Assignment: The reply should consist of the full listing, repeated word for word.

▬▬▬▬▬▬▬▬▬▬

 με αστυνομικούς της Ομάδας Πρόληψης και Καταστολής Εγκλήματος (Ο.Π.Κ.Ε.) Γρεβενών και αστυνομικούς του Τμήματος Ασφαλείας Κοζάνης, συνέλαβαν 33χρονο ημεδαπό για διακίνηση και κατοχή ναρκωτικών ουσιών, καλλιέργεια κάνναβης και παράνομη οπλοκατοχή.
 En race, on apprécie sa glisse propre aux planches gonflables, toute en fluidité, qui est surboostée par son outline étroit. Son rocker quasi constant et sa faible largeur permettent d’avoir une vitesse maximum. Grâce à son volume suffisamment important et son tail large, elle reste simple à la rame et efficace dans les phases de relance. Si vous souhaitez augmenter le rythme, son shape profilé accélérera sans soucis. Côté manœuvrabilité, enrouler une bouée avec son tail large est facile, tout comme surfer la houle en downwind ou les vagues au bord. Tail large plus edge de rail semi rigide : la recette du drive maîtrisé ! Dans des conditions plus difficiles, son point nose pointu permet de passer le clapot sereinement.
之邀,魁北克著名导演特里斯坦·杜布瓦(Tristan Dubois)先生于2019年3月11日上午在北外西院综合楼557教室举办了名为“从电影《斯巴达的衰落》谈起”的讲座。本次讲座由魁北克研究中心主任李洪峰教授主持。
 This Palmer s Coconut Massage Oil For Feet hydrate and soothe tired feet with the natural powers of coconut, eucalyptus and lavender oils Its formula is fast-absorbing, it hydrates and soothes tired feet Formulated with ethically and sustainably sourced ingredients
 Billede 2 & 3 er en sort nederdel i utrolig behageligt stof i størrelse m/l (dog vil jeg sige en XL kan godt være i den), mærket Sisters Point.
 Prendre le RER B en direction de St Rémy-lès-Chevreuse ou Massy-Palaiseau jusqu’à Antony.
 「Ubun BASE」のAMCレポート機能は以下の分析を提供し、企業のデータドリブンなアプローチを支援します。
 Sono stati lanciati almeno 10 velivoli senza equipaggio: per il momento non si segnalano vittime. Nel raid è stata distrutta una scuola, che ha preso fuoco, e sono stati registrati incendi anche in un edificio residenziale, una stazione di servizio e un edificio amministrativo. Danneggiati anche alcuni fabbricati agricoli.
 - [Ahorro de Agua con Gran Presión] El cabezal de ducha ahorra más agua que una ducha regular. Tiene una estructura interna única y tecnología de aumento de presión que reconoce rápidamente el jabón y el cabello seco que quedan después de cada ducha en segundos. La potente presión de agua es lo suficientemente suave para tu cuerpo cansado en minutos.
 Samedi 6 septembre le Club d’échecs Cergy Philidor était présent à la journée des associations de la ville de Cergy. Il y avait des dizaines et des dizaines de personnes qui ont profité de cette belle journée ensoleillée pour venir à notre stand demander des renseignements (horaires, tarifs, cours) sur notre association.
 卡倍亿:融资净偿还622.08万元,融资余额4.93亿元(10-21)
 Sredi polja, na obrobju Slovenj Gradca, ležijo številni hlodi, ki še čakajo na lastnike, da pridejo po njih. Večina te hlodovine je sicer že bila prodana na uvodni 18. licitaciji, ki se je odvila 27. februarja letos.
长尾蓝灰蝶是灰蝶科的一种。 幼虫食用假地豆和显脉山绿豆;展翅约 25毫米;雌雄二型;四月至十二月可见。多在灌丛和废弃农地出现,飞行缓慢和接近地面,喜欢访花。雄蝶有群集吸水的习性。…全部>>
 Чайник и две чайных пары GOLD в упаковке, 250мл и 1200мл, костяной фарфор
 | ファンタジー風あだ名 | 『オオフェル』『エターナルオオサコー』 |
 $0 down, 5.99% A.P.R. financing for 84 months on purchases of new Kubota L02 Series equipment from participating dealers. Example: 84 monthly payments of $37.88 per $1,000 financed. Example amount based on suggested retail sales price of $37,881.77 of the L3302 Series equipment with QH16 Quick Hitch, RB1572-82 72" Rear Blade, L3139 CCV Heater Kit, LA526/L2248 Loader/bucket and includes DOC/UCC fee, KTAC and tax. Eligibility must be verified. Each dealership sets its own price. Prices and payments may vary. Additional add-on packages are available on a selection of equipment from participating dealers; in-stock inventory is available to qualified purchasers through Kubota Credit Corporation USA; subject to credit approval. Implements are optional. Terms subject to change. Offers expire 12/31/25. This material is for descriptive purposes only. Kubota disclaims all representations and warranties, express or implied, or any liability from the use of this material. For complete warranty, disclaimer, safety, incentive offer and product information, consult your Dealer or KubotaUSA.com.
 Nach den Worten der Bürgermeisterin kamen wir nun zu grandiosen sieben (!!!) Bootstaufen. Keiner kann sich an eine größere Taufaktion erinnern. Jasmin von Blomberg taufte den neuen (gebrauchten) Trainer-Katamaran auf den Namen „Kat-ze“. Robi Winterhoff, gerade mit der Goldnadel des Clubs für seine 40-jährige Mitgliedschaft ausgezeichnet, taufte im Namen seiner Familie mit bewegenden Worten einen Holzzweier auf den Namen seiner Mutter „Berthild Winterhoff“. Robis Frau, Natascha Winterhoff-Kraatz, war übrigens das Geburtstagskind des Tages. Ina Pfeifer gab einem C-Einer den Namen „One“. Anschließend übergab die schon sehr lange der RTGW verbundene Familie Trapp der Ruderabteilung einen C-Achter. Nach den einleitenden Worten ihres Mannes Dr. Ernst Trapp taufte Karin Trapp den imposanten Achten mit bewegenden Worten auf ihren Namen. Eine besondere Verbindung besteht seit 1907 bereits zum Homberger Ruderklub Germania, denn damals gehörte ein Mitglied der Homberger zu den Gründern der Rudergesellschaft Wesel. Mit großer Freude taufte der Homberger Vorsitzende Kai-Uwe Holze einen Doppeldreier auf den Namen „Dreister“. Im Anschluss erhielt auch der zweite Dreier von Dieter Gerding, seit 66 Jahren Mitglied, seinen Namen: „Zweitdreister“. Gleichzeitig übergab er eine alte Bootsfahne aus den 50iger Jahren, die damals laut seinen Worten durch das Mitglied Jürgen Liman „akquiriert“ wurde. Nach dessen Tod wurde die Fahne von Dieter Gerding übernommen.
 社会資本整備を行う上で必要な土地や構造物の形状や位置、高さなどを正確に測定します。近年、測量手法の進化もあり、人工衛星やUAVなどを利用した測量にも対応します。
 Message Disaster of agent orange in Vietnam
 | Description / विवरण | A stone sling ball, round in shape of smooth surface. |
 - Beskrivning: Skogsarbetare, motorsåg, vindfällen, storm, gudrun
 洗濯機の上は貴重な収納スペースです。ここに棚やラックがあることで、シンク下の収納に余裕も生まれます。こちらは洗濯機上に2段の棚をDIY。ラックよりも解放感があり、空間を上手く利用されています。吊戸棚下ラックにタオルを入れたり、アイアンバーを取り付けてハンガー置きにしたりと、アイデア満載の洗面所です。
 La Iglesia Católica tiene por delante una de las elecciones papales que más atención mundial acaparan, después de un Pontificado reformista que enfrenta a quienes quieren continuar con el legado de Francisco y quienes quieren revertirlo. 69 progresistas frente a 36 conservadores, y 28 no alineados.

▬▬▬▬▬▬▬▬▬▬

Written solution:
 με αστυνομικούς της Ομάδας Πρόληψης και Καταστολής Εγκλήματος (Ο.Π.Κ.Ε.) Γρεβενών και αστυνομικούς του Τμήματος Ασφαλείας Κοζάνης, συνέλαβαν 33χρονο ημεδαπό για διακίνηση και κατοχή ναρκωτικών ουσιών, καλλιέργεια κάνναβης και παράνομη οπλοκατοχή.
 En race, on apprécie sa glisse propre aux planches gonflables, toute en fluidité, qui est surboostée par son outline étroit. Son rocker quasi constant et sa faible largeur permettent d’avoir une vitesse maximum. Grâce à son volume suffisamment important et son tail large, elle reste simple à la rame et efficace dans les phases de relance. Si vous souhaitez augmenter le rythme, son shape profilé accélérera sans soucis. Côté manœuvrabilité, enrouler une bouée avec son tail large est facile, tout comme surfer la houle en downwind ou les vagues au bord. Tail large plus edge de rail semi rigide : la recette du drive maîtrisé ! Dans des conditions plus difficiles, son point nose pointu permet de passer le clapot sereinement.
之邀,魁北克著名导演特里斯坦·杜布瓦(Tristan Dubois)先生于2019年3月11日上午在北外西院综合楼557教室举办了名为“从电影《斯巴达的衰落》谈起”的讲座。本次讲座由魁北克研究中心主任李洪峰教授主持。
 This Palmer s Coconut Massage Oil For Feet hydrate and soothe tired feet with the natural powers of coconut, eucalyptus and lavender oils Its formula is fast-absorbing, it hydrates and soothes tired feet Formulated with ethically and sustainably sourced ingredients
 Billede 2 & 3 er en sort nederdel i utrolig behageligt stof i størrelse m/l (dog vil jeg sige en XL kan godt være i den), mærket Sisters Point.
 Prendre le RER B en direction de St Rémy-lès-Chevreuse ou Massy-Palaiseau jusqu’à Antony.
 「Ubun BASE」のAMCレポート機能は以下の分析を提供し、企業のデータドリブンなアプローチを支援します。
 Sono stati lanciati almeno 10 velivoli senza equipaggio: per il momento non si segnalano vittime. Nel raid è stata distrutta una scuola, che ha preso fuoco, e sono stati registrati incendi anche in un edificio residenziale, una stazione di servizio e un edificio amministrativo. Danneggiati anche alcuni fabbricati agricoli.
 - [Ahorro de Agua con Gran Presión] El cabezal de ducha ahorra más agua que una ducha regular. Tiene una estructura interna única y tecnología de aumento de presión que reconoce rápidamente el jabón y el cabello seco que quedan después de cada ducha en segundos. La potente presión de agua es lo suficientemente suave para tu cuerpo cansado en minutos.
 Samedi 6 septembre le Club d’échecs Cergy Philidor était présent à la journée des associations de la ville de Cergy. Il y avait des dizaines et des dizaines de personnes qui ont profité de cette belle journée ensoleillée pour venir à notre stand demander des renseignements (horaires, tarifs, cours) sur notre association.
 卡倍亿:融资净偿还622.08万元,融资余额4.93亿元(10-21)
 Sredi polja, na obrobju Slovenj Gradca, ležijo številni hlodi, ki še čakajo na lastnike, da pridejo po njih. Večina te hlodovine je sicer že bila prodana na uvodni 18. licitaciji, ki se je odvila 27. februarja letos.
长尾蓝灰蝶是灰蝶科的一种。 幼虫食用假地豆和显脉山绿豆;展翅约 25毫米;雌雄二型;四月至十二月可见。多在灌丛和废弃农地出现,飞行缓慢和接近地面,喜欢访花。雄蝶有群集吸水的习性。…全部>>
 Чайник и две чайных пары GOLD в упаковке, 250мл и 1200мл, костяной фарфор
 | ファンタジー風あだ名 | 『オオフェル』『エターナルオオサコー』 |
 $0 down, 5.99% A.P.R. financing for 84 months on purchases of new Kubota L02 Series equipment from participating dealers. Example: 84 monthly payments of $37.88 per $1,000 financed. Example amount based on suggested retail sales price of $37,881.77 of the L3302 Series equipment with QH16 Quick Hitch, RB1572-82 72" Rear Blade, L3139 CCV Heater Kit, LA526/L2248 Loader/bucket and includes DOC/UCC fee, KTAC and tax. Eligibility must be verified. Each dealership sets its own price. Prices and payments may vary. Additional add-on packages are available on a selection of equipment from participating dealers; in-stock inventory is available to qualified purchasers through Kubota Credit Corporation USA; subject to credit approval. Implements are optional. Terms subject to change. Offers expire 12/31/25. This material is for descriptive purposes only. Kubota disclaims all representations and warranties, express or implied, or any liability from the use of this material. For complete warranty, disclaimer, safety, incentive offer and product information, consult your Dealer or KubotaUSA.com.
 Nach den Worten der Bürgermeisterin kamen wir nun zu grandiosen sieben (!!!) Bootstaufen. Keiner kann sich an eine größere Taufaktion erinnern. Jasmin von Blomberg taufte den neuen (gebrauchten) Trainer-Katamaran auf den Namen „Kat-ze“. Robi Winterhoff, gerade mit der Goldnadel des Clubs für seine 40-jährige Mitgliedschaft ausgezeichnet, taufte im Namen seiner Familie mit bewegenden Worten einen Holzzweier auf den Namen seiner Mutter „Berthild Winterhoff“. Robis Frau, Natascha Winterhoff-Kraatz, war übrigens das Geburtstagskind des Tages. Ina Pfeifer gab einem C-Einer den Namen „One“. Anschließend übergab die schon sehr lange der RTGW verbundene Familie Trapp der Ruderabteilung einen C-Achter. Nach den einleitenden Worten ihres Mannes Dr. Ernst Trapp taufte Karin Trapp den imposanten Achten mit bewegenden Worten auf ihren Namen. Eine besondere Verbindung besteht seit 1907 bereits zum Homberger Ruderklub Germania, denn damals gehörte ein Mitglied der Homberger zu den Gründern der Rudergesellschaft Wesel. Mit großer Freude taufte der Homberger Vorsitzende Kai-Uwe Holze einen Doppeldreier auf den Namen „Dreister“. Im Anschluss erhielt auch der zweite Dreier von Dieter Gerding, seit 66 Jahren Mitglied, seinen Namen: „Zweitdreister“. Gleichzeitig übergab er eine alte Bootsfahne aus den 50iger Jahren, die damals laut seinen Worten durch das Mitglied Jürgen Liman „akquiriert“ wurde. Nach dessen Tod wurde die Fahne von Dieter Gerding übernommen.
 社会資本整備を行う上で必要な土地や構造物の形状や位置、高さなどを正確に測定します。近年、測量手法の進化もあり、人工衛星やUAVなどを利用した測量にも対応します。
 Message Disaster of agent orange in Vietnam
 | Description / विवरण | A stone sling ball, round in shape of smooth surface. |
 - Beskrivning: Skogsarbetare, motorsåg, vindfällen, storm, gudrun
 洗濯機の上は貴重な収納スペースです。ここに棚やラックがあることで、シンク下の収納に余裕も生まれます。こちらは洗濯機上に2段の棚をDIY。ラックよりも解放感があり、空間を上手く利用されています。吊戸棚下ラックにタオルを入れたり、アイアンバーを取り付けてハンガー置きにしたりと、アイデア満載の洗面所です。
 La Iglesia Católica tiene por delante una de las elecciones papales que más atención mundial acaparan, después de un Pontificado reformista que enfrenta a quienes quieren continuar con el legado de Francisco y quienes quieren revertirlo. 69 progresistas frente a 36 conservadores, y 28 no alineados.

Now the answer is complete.